Question :
Find the value of the following expression :
$$ \frac{\sum_{i=0}^{2024}\sum_{r=0}^{2024}(-1)^r{2024 \choose r}(2024-r)^i}
{\sum_{r=0}^{2025}(-1)^r\binom{2025}{r}(2025-r)^{2025}} $$
I am not able to think of a way to manipulate and solve this algebraically , so I decided to test this on smaller summation boundaries to find a pattern in the answers For ex :
$$ \frac{\sum_{i=0}^{2}\sum_{r=0}^{2}(-1)^r{2 \choose r}(2-r)^i}
{\sum_{r=0}^{3}(-1)^r\binom{3}{r}(3-r)^{3}} $$
On substituting 2024 with 2 and 2025 with 3 and solving the resultant expression (summing each case) I got the answer 2/6 which reduced to 1/3 . Here I observed that 3 is the upper boundary for the summation in the denominator , so I checked for 2 more cases which turned out to be quite tedious but :
- 2024 –> 3 and 2025 –> 4 Answer – 6/24 –> 1/4
- 2024 –> 4 and 2025 –> 5 Answer – 24/120 –> 1/5
A pattern is formed where the reciprocal of the upper boundary of the summation in denominator is the answer . There is also the pattern of factorials where 2 is factorial of 2 , 6 is of 3 , 24 is of 4 and 120 is of 5 . So I can guess the answer to my original question to be 1/2025 following the pattern , which also turns out to be the correct answer
But this is definitely not how the question was intended to be solved , so I need a way to solve this with just algebraic manipulations in mind.

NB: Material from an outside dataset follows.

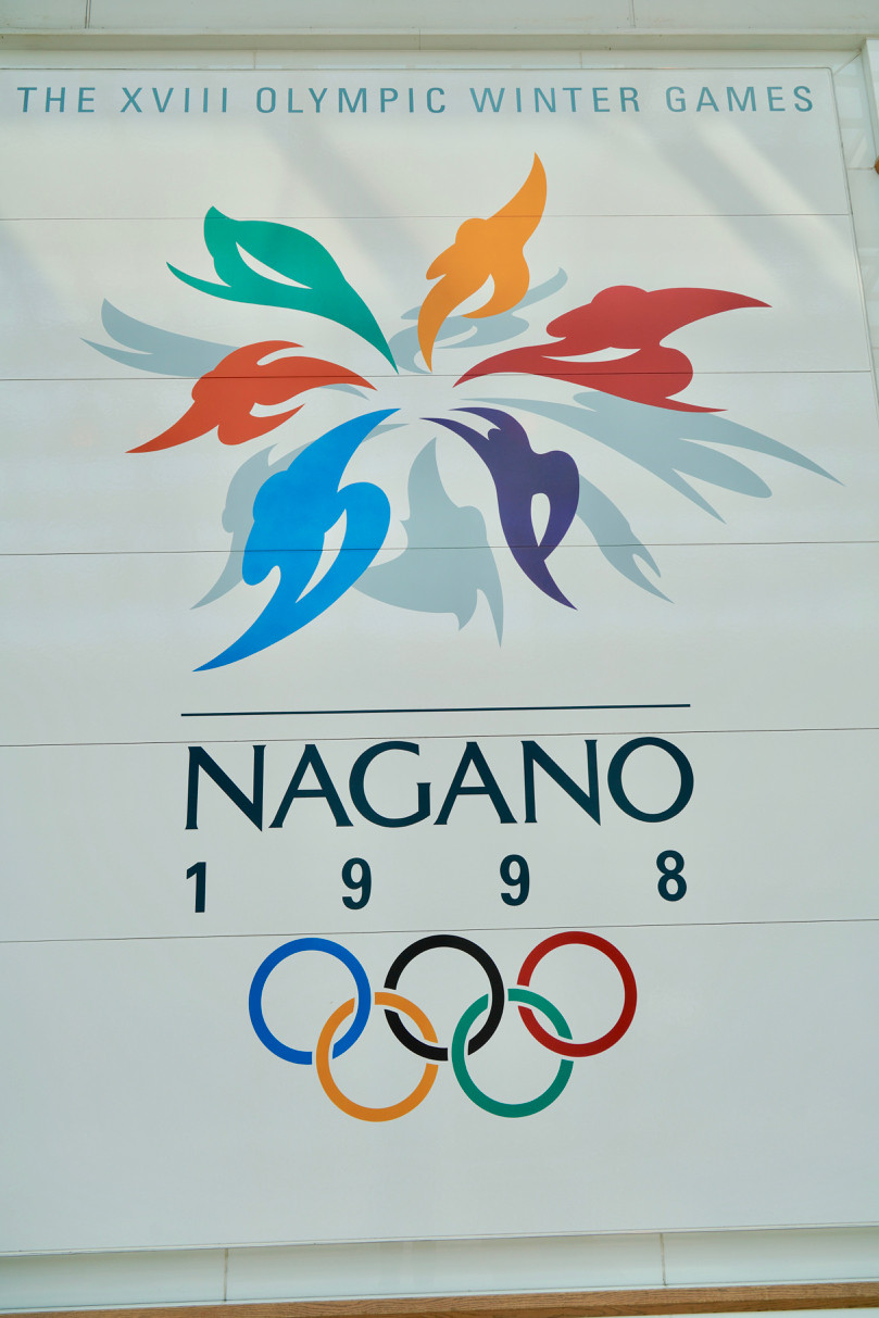 駅にあった長野オリンピックの看板。

There could be a way to generalize this as :
$$ \frac{\sum_{i=0}^{k}\sum_{r=0}^{k}(-1)^r{k \choose r}(k-r)^i}
{\sum_{r=0}^{k+1}(-1)^r\binom{k+1}{r}(k+1-r)^{k+1}} = \frac{k!}{(k+1)!}=\frac{1}{k+1} $$
Best Answer
Let $$N_k:=\frac{\sum_{i=0}^{k}\sum_{r=0}^{k}(-1)^r{k \choose r}(k-r)^i} {\sum_{r=0}^{k+1}(-1)^r\binom{k+1}{r}(k+1-r)^{k+1}} =\frac{\sum_{i=0}^ka_{i,k}}{a_{k+1,k+1}}$$ where $$a_{k,i}:=\sum_{r=0}^k(-1)^r\binom kr(k-r)^i.$$ In the proposed duplicate and posts linked to it, it is proved that $$a_{k,k}=k!.$$ In this other post and posts linked to it, it is proved that $$\forall i<k\quad a_{k,i}=0.$$ Therefore, $$N_k=\frac{k!+0}{(k+1)!}=\frac1{k+1}.$$